[Data for analysis — start]

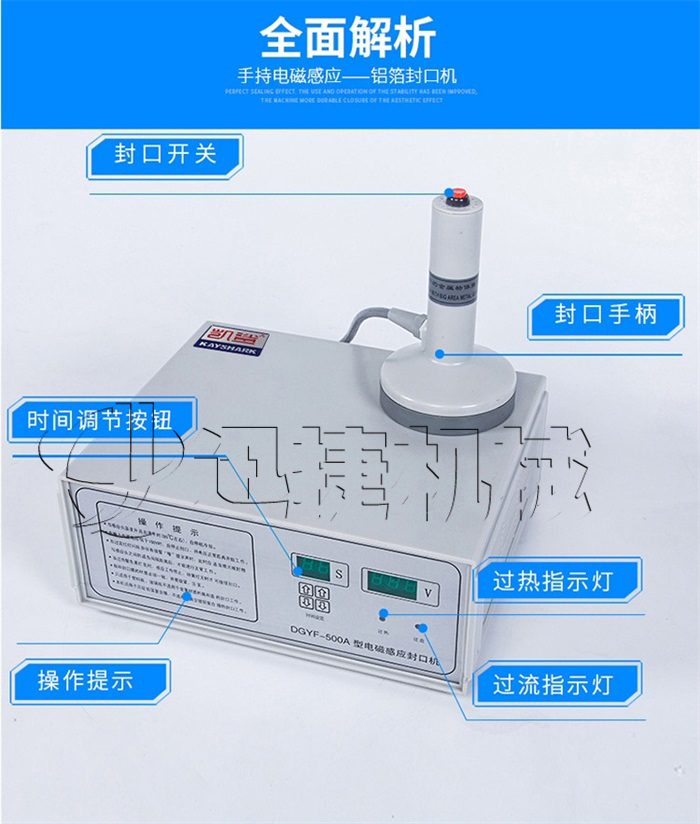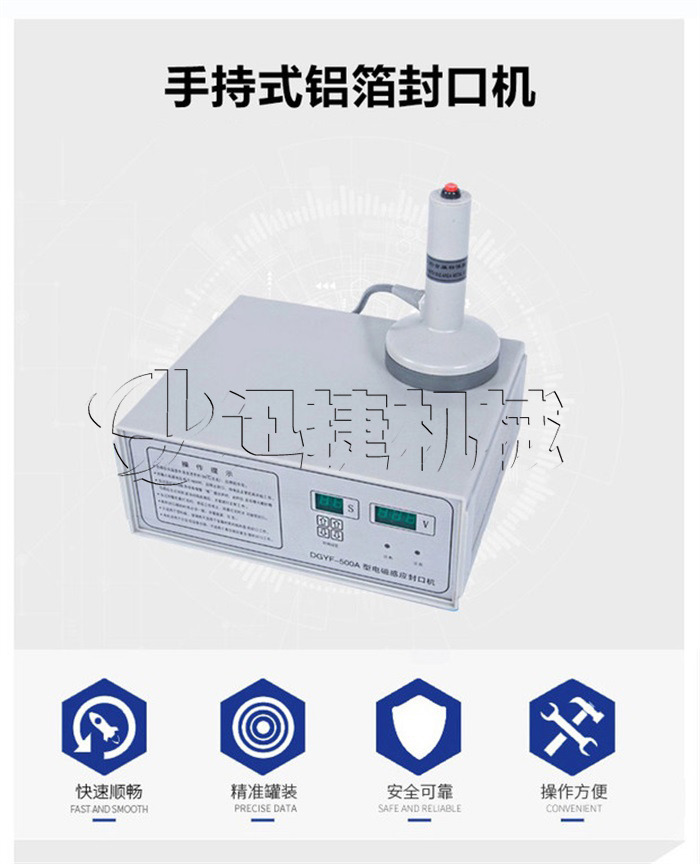 該該封口機為手持式鋁箔封口機,是一種便攜式電磁感應加熱封口設備,專為制藥、化工、農(nóng)藥、食品、化妝品、輕工行業(yè)對容器進行鋁箔嚴密封口,封口材質(zhì)使用廣泛。
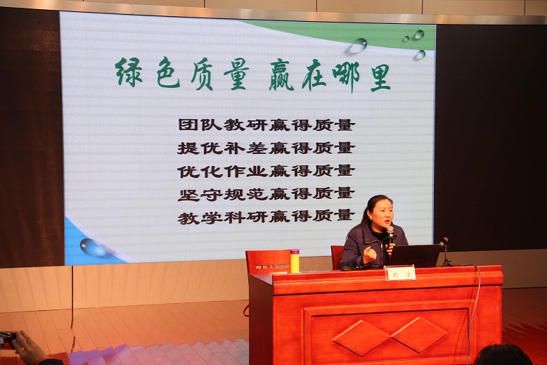 教育教学质量是学校办学品质的量尺,如何提升质量是全体教师共同目标。有人说,团队教研赢得质量,提优补差赢得质量,优化作业赢得质量,坚守规范赢得质量,教学科研赢得质量……顾洁老师面向春小全体教师做了《绿色质量 赢在哪里》的专题讲座。顾老师从“激发师生的兴趣,是赢得教学质量的前提”、“ 融洽的师生关系,是赢得教学质量的润滑剂”、“ 严格的常规管理,是赢得教学质量的保证”三个方面展开,结合自身的实践给老师们分享了提升教学质量的经验,让我们受益匪浅。站在学生的立场教学就要真实而全面地了解学生;站在学生的立场教学就是要以学习方式的转变为核心建构课堂;站在学生的立场教学就要教师从容应对课堂生成。
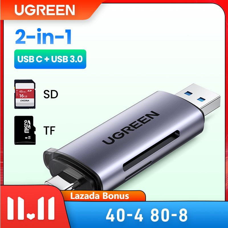 UGREEN 2 in 1 Card Reader USB 3.0 for SASMUNG S20+/S10+/S9/Note 10/Huawei P40/Dell/Lenovo/ThinkPad USB 3.0 SD TF OTG Type C Smart Memory Card Adapter for Laptop USB 3.0 Cardreader SD Card Reader Read
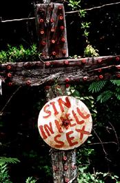 USA. Illinois. Chicago. 1996. Cross covered with sin confessions...
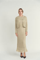 Ellie Makir Shimmer Knit Dress & Cardigan Gold Hue
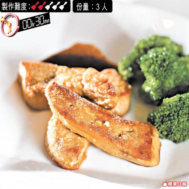 3.鴨肝拍上生粉,下油鑊煎至兩邊金黃色,約八成熟,上碟,淋上醬汁,放上西蘭花作伴碟即可。
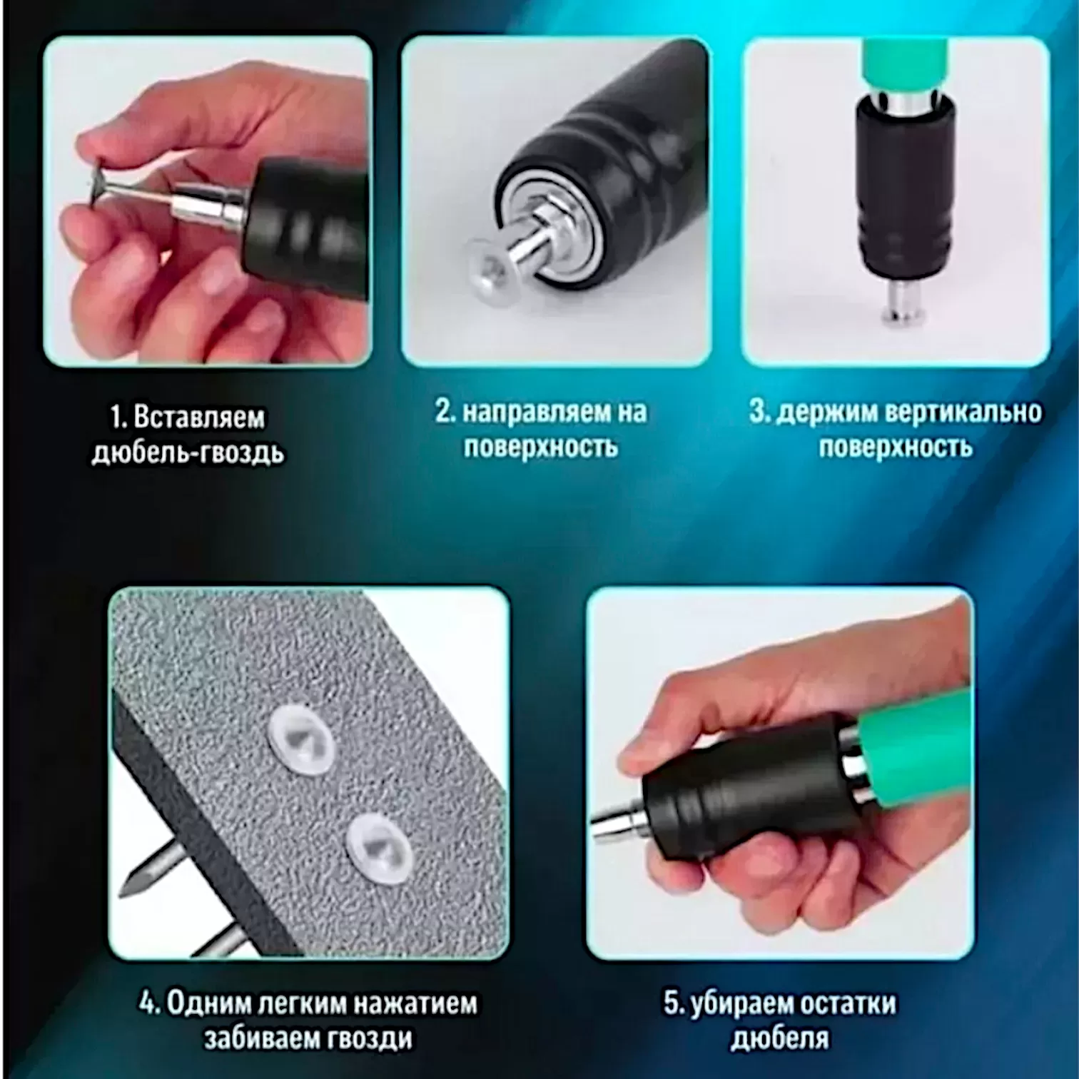 Мощный гвоздезабивной мини-пневмопистолет для дюбель гвоздей изготовлен из высококачественного пластика и металла, и имеет 5 ступеней регулировки мощности.
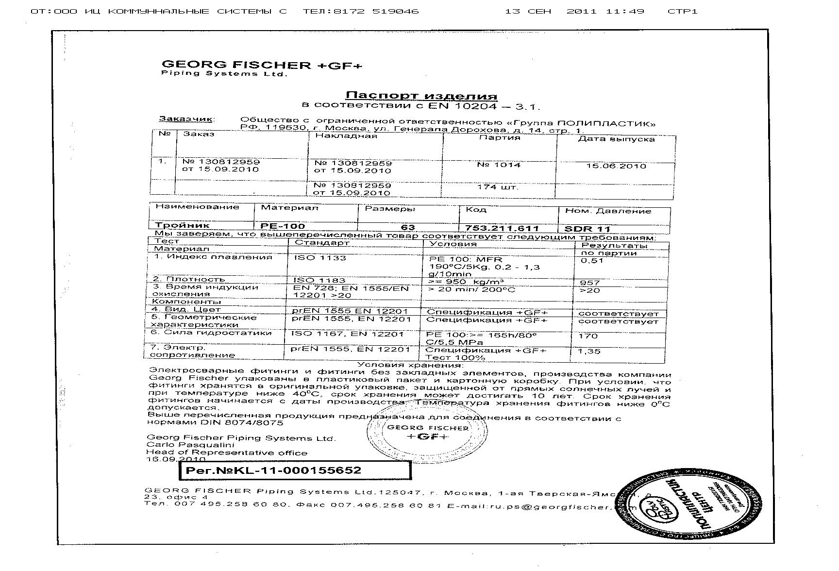 тройник эл/св 90гр. 063мм ПЭ100 SDR11 GF
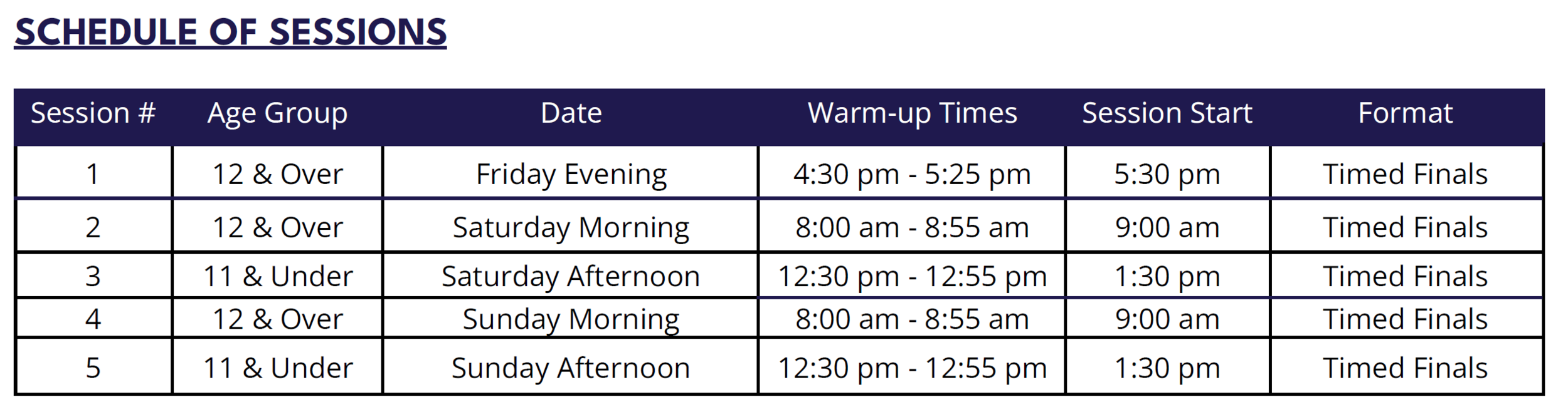 Full details about session and ​events are detailed in the meet package.  Depending on abilities/events offered, swimmers can swim 1 - 3 events per session at the coaches' discretion. All events are selected by the coaching team.
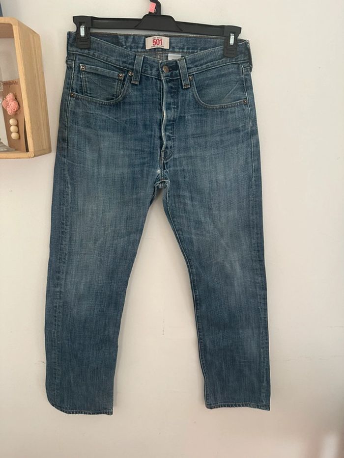 Jeans Levis, coupe droite. Taille américaine, W31, L 32 ce qui correspond à un 40 42 français. Tout dépend de si vous le souhaitez le porter large en 40 auprès du corps en 42. Déchiré à deux endroits voir photo. #levis #jeanslevis #leviscoupedroite501 #mille1209_homme40
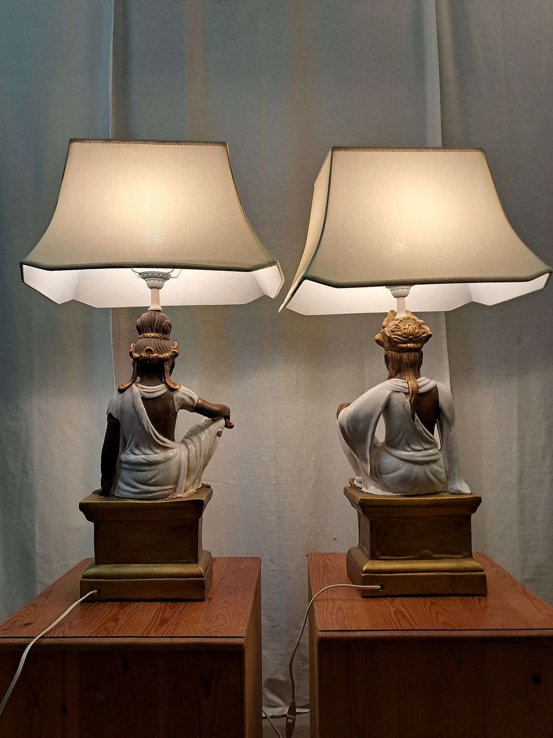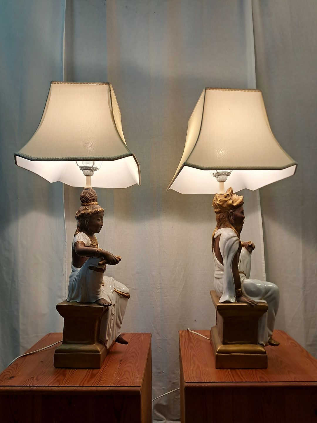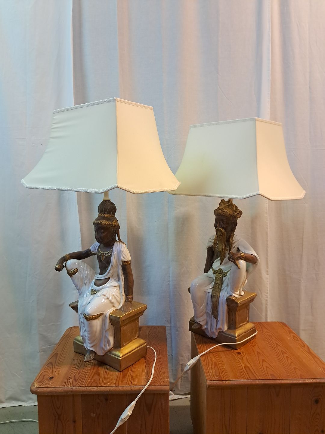 2 Bordlamper i pocelæn med skærme, fra 2000erne.
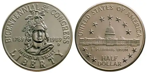 The Bicentennial of the United States Congress Commemorative Coin Act (Pub. L. 100–673) authorized the production of three coins, a clad half dollar, a silver dollar, and a gold half eagle. Congress authorized the coins to commemorate the bicentennial of the United States Congress. The act allowed the coins to be struck in both proof and uncirculated finishes.[1]
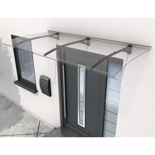 Zadaszenie drzwi wejściowych Swing Secco firmy Gutta. Lekka i trwała, konstrukcja aluminiowa malowana proszkowo wypełniona płytą poliwęglanową o grubości 3 mm. Zadaszenie wyposażone jest w zintegrowane rynienki odpływowe.
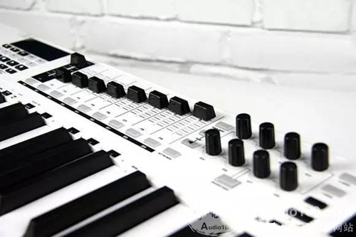 Code 61上配有5個(gè)可分配的的推子,其中包括4個(gè)獨(dú)立的推子和一個(gè)用于控制總線的推子。這些推子可用于進(jìn)行音軌混制、現(xiàn)場控制片段或使用總線推子來制作漸入和漸出效果的操作。在每一個(gè)推子的下面都有一個(gè)音軌按鈕,它們可用于對你工程中的某個(gè)獨(dú)立音軌進(jìn)行靜音和獨(dú)奏的操作。這些功能也非常適合應(yīng)用于現(xiàn)場DJ的工作中。另外,Code 61還配置了4個(gè)旋鈕,它們正如推子一樣,也是可以分配到任何連續(xù)控制器的參數(shù)上。一般來說,一臺MIDI控制器上的旋鈕在絕大多數(shù)的情況下都是用于設(shè)置相位的,那也是它們所默認(rèn)自動(dòng)映射的功能,但這臺控制器上的旋鈕還可以被編輯來控制你的DAW(音頻工作站)中的其他功能。
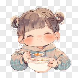 卡通小女孩在喝汤免抠元素
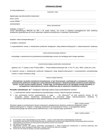 OŚWIADCZENIE Ja niżej podpisany/a ………………………………………………………………………….…………………………………….…... (nazwisko i imię) legitymujący się dokumentem tożsamości ………………………………………………………………………………………………………..…………..….… seria, numer numer PESEL zamieszkały/a 1) …………………………………………………………………………………………………………….…..……...… ……………………………………………………………………………………………………….…….................. (adres zamieszkania) 2) działając w imieniu ……………………………………………………………………………………………………………………... numer identyfikacyjny REGON lub NIP, o ile został nadany, lub numer w rejestrze przedsiębiorców albo ewidencji 3) działalności gospodarczej lub innym właściwym rejestrze prowadzonym w państwie członkowskim ……………………………………………………………………………………………………………………….………………………. siedziba i adres korespondencyjny 3) …………………………………………………….……………………………………………... w związku z zamiarem: 1) wypowiedzenia umowy o świadczenie publicznie dostępnych usług telekomunikacyjnych z dotychczasowym dostawcą ………………………………………………………………………………………………………………………...…...………………. ………………………………………………………………………………………………………………………………….………….. (nazwa dotychczasowego dostawcy) korzystając z uprawnienia do przeniesienia przydzielonego numeru do istniejącej sieci innego operatora …………………………………………………………………………………………………………………………………………….. …………………………………………………………………………………………………………………………………….……….. (numer/numery będące przedmiotem przeniesienia) zgodnie z art. 71 ustawy z dnia 16 lipca 2004 r. – Prawo telekomunikacyjne (Dz. U. Nr 171, poz. 1800, z późń.zm.) oraz 2) zawarcia umowy o świadczenie publicznie dostępnych usług telekomunikacyjnych z przeniesieniem przydzielonego numeru z nowym dostawcą usług ………………………………………………………………..………………………………….. ……………………………………………………………………………………………….………….……………………………….. (nazwa nowego dostawcy) Oświadczam, że jestem świadom/a konsekwencji, w tym finansowych, wynikających z rozwiązania umowy o oświadczenie publicznie dostępnych usług telekomunikacyjnych z dotychczasowym dostawcą przed upływem okresu, na jaki umowa została zawarta , a także tego, że konsekwencje te nie obciążają nowego dostawcy, w szczególności zobowiązania do zwrotu udzielonej ulgi (w wysokości określonej w umowie). Ponadto oświadczam, że 4) niniejszym dokonuję wyboru trybu przeniesienia numeru: 1) □ z zachowaniem okresu wypowiedzenia przewidzianego umową z dotychczasowym dostawcą; 2) □ bez zachowania terminu wypowiedzenia, w ciągu …… dni roboczych od dnia zawarcia umowy. W tym przypadku jestem świadomy/a zobowiązania do uiszczenia opłaty dotychczasowemu dostawcy w wysokości nieprzekraczającej opłaty abonamentowej za okres wypowiedzenia. 5) ……………..……………………………. (data i czytelny podpis) Wyrażam zgodę na przetwarzanie danych osobowych udostępnionych dostawcy publicznie dostępnych usług telekomunikacyjnych w związku z realizacją uprawnienia do przeniesienia numeru, w szczególności adresu korespondencyjnego lub adresu poczty elektronicznej, w celu realizacji tego uprawnienia. ………………………………………………… (data i czytelny podpis) _________________________ 1) 2) 3) 4) 5) W przypadku osoby nieposiadającej numeru PESEL – nazwę i numer dokumentu stwierdzającego tożsamość. W przypadku gdy abonent nie jest osobą fizyczną, do oświadczenia konieczne jest dołączenie kopii stosownego pełnomocnictwa obejmującego umocowanie do dokonywania przeniesienia numeru lub numerów. Nie dotyczy osób fizycznych. Niepotrzebne skreślić. Nie dotyczy abonentów korzystających z usługi przepłaconej świadczonej w ruchomej publicznej sieci telefonicznej, którzy udostępnili swoje dane, o których mowa w art. 60a ust 1a ustawy Termin ten nie może być dłuższy niż okres wypowiedzenia.
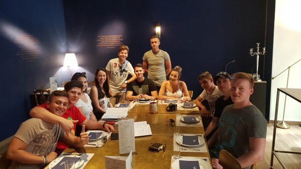 Und schon sitzt die 2 F mit ihrer Lehrerin, Frau Mag. Pausch, am goldenen Tisch des Lokals Habibi & Hawara in der Wipplingerstraße und erfährt von der Marketingexpertin, Frau Katharina Schinkinger, viele Details über das Entstehen (Flüchtlingskrise 2015) und die Zukunft (Expansion neuer Lokale, Catering, Belieferung von Handelsketten, Upcycling, Ausbildung von Lehrlingen, Partizipation von Geflüchteten als echte UnternehmerInnen…) dieses Social-Franchise-Systems und die Finanzierung durch Crowdfunding.

[Data for analysis — finish]

▶ _What is needed_
Among the entries above, find the line with "Zadaszenie drzwi wejściowych" and repeat exactly from there through the line with "卡通小女孩在喝汤免抠元素", leaving out the pictures.

▶ _Solution to this task_
 Zadaszenie drzwi wejściowych Swing Secco firmy Gutta. Lekka i trwała, konstrukcja aluminiowa malowana proszkowo wypełniona płytą poliwęglanową o grubości 3 mm. Zadaszenie wyposażone jest w zintegrowane rynienki odpływowe.
 Code 61上配有5個(gè)可分配的的推子,其中包括4個(gè)獨(dú)立的推子和一個(gè)用于控制總線的推子。這些推子可用于進(jìn)行音軌混制、現(xiàn)場控制片段或使用總線推子來制作漸入和漸出效果的操作。在每一個(gè)推子的下面都有一個(gè)音軌按鈕,它們可用于對你工程中的某個(gè)獨(dú)立音軌進(jìn)行靜音和獨(dú)奏的操作。這些功能也非常適合應(yīng)用于現(xiàn)場DJ的工作中。另外,Code 61還配置了4個(gè)旋鈕,它們正如推子一樣,也是可以分配到任何連續(xù)控制器的參數(shù)上。一般來說,一臺MIDI控制器上的旋鈕在絕大多數(shù)的情況下都是用于設(shè)置相位的,那也是它們所默認(rèn)自動(dòng)映射的功能,但這臺控制器上的旋鈕還可以被編輯來控制你的DAW(音頻工作站)中的其他功能。
 卡通小女孩在喝汤免抠元素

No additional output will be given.